Scientific Rigor and User Testing: How to Remain Unbiased in a World that Wants Results
5 min read
A little while back, a study was published that examined the results of studies from cognitive and social psychology, revealing that only 36% of original studies, when replicated, yield near-same results. While disappointing to a large number of researchers in psychology and other fields, it reminds us to be careful with our conclusions.
So what’s happening with these studies? Why can’t they be replicated? There are a few thoughts: some environmental, some based on randomness of participants, and some, unfortunately, due to researchers manipulating the data. Aside from those who have been found to be wholly fabricating their data, there are other ways that a researcher might knowingly or unknowingly confound their data:
a) Removing “outliers” due to unfounded reason
Sometimes in studies, analysts remove data points that are very far outside of the rest of the data set. Say someone falls asleep halfway through your test and only scores a 10 out of 100. This person would be an outlier, because they did not complete the test for a reason other than running out of time. If someone stays awake throughout a test, and still scores a 10 out of 100, this person should not be removed, even if they had a rough night before and they looked a little worse for wear. When removing outliers, researchers need to be careful with why and how they are removing them. If someone is tired, that person is actually representative of a set of people that might or might not be tired. Unless tiredness is a variable or requirement in your study, it shouldn’t be used to remove outliers.
b) Trying to find something in the data that isn’t there
When an original study doesn’t lead to statistically significant results, there is a temptation to look at the data in other ways to try to find an unexpected conclusion. The problem is, this usually results in overworking the data or analysis on variables that might not have been controlled as closely as the original variables. For example, too many two-sample t-tests can result in type I error, otherwise known as a false positive, or finding results that aren’t truly there. To illustrate, let’s say we are looking at a drug trial and the reduction of symptoms of an illness. If we compare the test group to the control group on a large number of symptoms, random chances are, the groups will appear to differ on at least one attribute. This would be type I error. There are statistical ways to eliminate this error, but the more an analyst manipulates the data, the more likely they are to commit type I error.

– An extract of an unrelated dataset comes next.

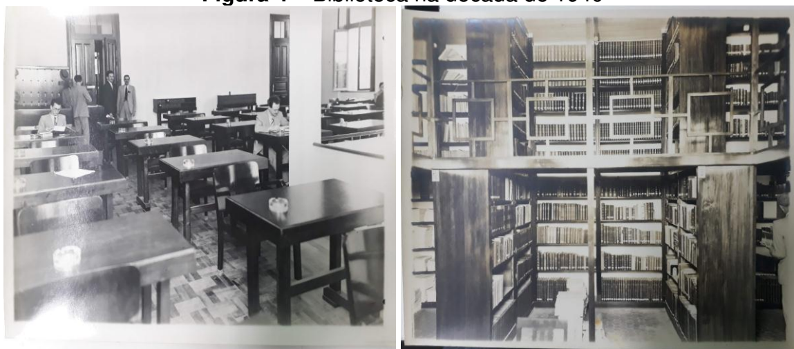
Figura 4 – Biblioteca na década de 1940

So how does this relate to user testing? How do we make sure that our studies and conclusions accurately reflect your system, your users, and their interaction? Here are five ways that we make sure our results are meaningful, unbiased, and useful to our clients:
1. A True Environment
We conduct usability studies in a true environment; if your product or system will be used outside, we test outside, and if your product is used inside, we test inside. If we’re unable to test in the actual use environment, we try to replicate it the best we can including lighting, sound levels, and possible distractions. If your system will be used in a relatively quiet, indoor environment like an office building, we might conduct a remote test over the phone, but we wouldn’t try this if your system is used in a bustling restaurant kitchen.
2. Target the Right Participants
Those taking part in the study should be representative of your target users. Guidelines around target users should be as loose or as strict as your study requires; the more strict your target user set is, the more specific you can be with your conclusions about that certain data set, though it will be more difficult to find study participants. And a more specific target user isn’t always what you want - for example, any publicly available software inherently reaches a very broad spectrum of users. Once target user criteria is set, then, and only then, can we can use this to remove any outliers that do not meet the criteria.
3. Collect Meaningful Demographic Data
When collecting demographic data, we include variables that might help us interpret the data. For example, asking if a participant has used your product before, or how often they use the product, allows us to generate weighted analyses around exposure to the system. These results can help decision making around new users, training, and other user experience factors. This is better than trying to remove a set of participants altogether because they don’t perform well or are an unknown.
4. See the Good in the Bad
Know that bad results or no results tell us just as much about a study as good results do. When a system isn’t usable, we don’t want to tweak the data to show that it is good, we want to show just how bad it is so that we can fix it! In an academic study, sometimes no correlation is as big of a conclusion as a positive correlation. Any headline that starts “Study shows no link between…” is proof that these studies are important! We make sure to remain unbiased, and report the true results.
Know that bad results or no results tell us just as much about a study as good results do.
5. Be Realistic with Results
User testing in general is typically a more fluid process than an academic study. We present our findings at the appropriate level of significance, and if our clients or customers try to draw exaggerated conclusions, we gently remind them of the nature of the data. We help our clients understand complexities such as how large and small sample sizes impact confidence intervals, and that metrics like counting clicks or time on task aren’t always a measure of usability.
In a world that wants results, it can be hard to remain unbiased and present less-than-stellar findings, but we owe it to you and your end users to present information in an honest way. So stop trying to look at that spreadsheet sideways, and start planning the next study.